At the end of my initial stay those months ago, I was basically bed bound and unable to do much of anything. My time before heading home was still spent crying in bed, sighing at my life, and by the end of my visit, struggling to play the easy levels of Super Mario 3D Land on my 3DS. Nothing felt easy, not even being alive. And I didn’t get any streetpass hits. We’ve lost so much as a society.
I remember a lot of the feelings I had while in hospital. The awful food. The texture of the teal blanket on your skin. The taste of the frequent teas you get. It feels almost homely to remember that. The warmth of those teas like huddling besides a fire during a cold winter when you were a kid. I don’t know how to feel about that. I suppose it was the first time in my life since childhood, where my life was completely in the care of someone else.

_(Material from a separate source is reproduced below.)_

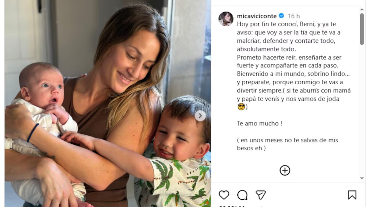 En el posteo, Mica no solo presentó oficialmente a su sobrino, sino que también le dedicó un mensaje cargado de emoción, dejando en claro el lugar especial que Berni ocupa en su vida.

I think I have a problem with nostalgia. Earlier I mentioned that my memories look like an old home movie shot on film. That also gives my memories like a warm feeling. Even the bad memories can be tinted with this weird homely-ness. But it also means I treat my memories as having a sanctity about them. When I think back to playing TrackMania, I remember how much fun I had playing on servers with random people, forgotten connections, and I think that gets in the way of me enjoying things in the today.
TrackMania is unique in that it records all of your times permanently on a server somewhere, which the developer has managed to keep alive for all this time. It means when I boot up that original game from 2006, I get stuck in the menu, looking at the times I had achieved in my memories. All those hours spent driving around on the grass of the stadium. I don’t want to replace those memories with anything new. So I don’t play them. I might drive around a bit in it, explore the track slower than my current record. But I don’t think I have it in me to overwrite those memories, digitally or mentally. I’m finding it too easy to lose memories recently, I don’t want to go out my way to lose more by putting some new ones over my treasured ones at the top of the stack.
I’m sure many others do this as well, but I often just get lost in my memories for hours. When I pick up an object in my house which I haven’t touched in ages, I might have amazingly vivid memories of the last time I touched it. I have hundreds of physical video games, and I could give you memories and stories about all of them.
Unfortunately this doesn’t help me when trying to find where I put the scissors last week, and I have to spend 20 minutes looking for them. But the memories I’ll have of a game, or a book, or a place, or a smell. I could live in those for forever. I kind wish thats what dying was. I also wish I had a way of passing on even a small bit of those memories, like I can pass on my TrackMania times. Maybe thats what this is.
A random thing to end on, but I think a lot about a specific moment from around a month after my surgery. We picked up my dog from a colleague of mine who amazingly looked after her for the whole month, taking an additional worry out of mine and my partners life for a bit. His face seeing me for that first time after opening the door will stay with me as one of those snapshots. It made me reconsider all the faces I’ve made over my life at elderly relatives as they reach the end of their lives.
I am going to have to practice that in the mirror.